If there is anyone who can contribute a more accurate illustration of the anatomy - -please let me know and help make the web a more accurate place.

The Tensor Tympani muscle (the big brown muscle shown above) originates from the auditory tube (eustachian tube) and inserts onto the manubrium of the ear drum. Note the comments about the innacuracy of the drawing. It is innervated by the mandibular division of the trigeminal nerve (V), through the trigeminal ganglion.

In many people with hyperacusis, there is increased reactivity of the TT reflex as part of the startle response to loud sound. The lowered reflex threshold for TT contraction can be activated by the anticipation of loud sound. In some people, the TT can be contracted simply by thinking about a loud noise.

Following contraction of the TT, there may be a thump, ear pain or fluttering or fullness. See the tinnitus page for more about these noises.

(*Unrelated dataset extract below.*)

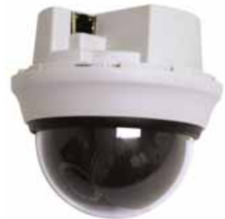
Modelo HD3MWIHX sin anillo para montaje empotrado

Occasional people can voluntarily contract the TT.

The stapedius muscle

This is another muscle in the middle ear that protects to loud noises -- primarily chewing. It is a much smaller muscle than the TT, and runs from the stapes to a close wall of the middle ear. It is innervated by the tympanic branch of the 7th nerve. When it is paralyzed, as is sometimes (but not always) the case in Bell's Palsy, there may be heightened perception of loud noises on one ear vs. the other.

The stapedius muscle may be overactive, causing a high-pitched "tick" sound. See the tinnitus page for more detail about stapedius muscle myoclonus.

The stapedius reflex can be measured using the "Acoustic Reflex test".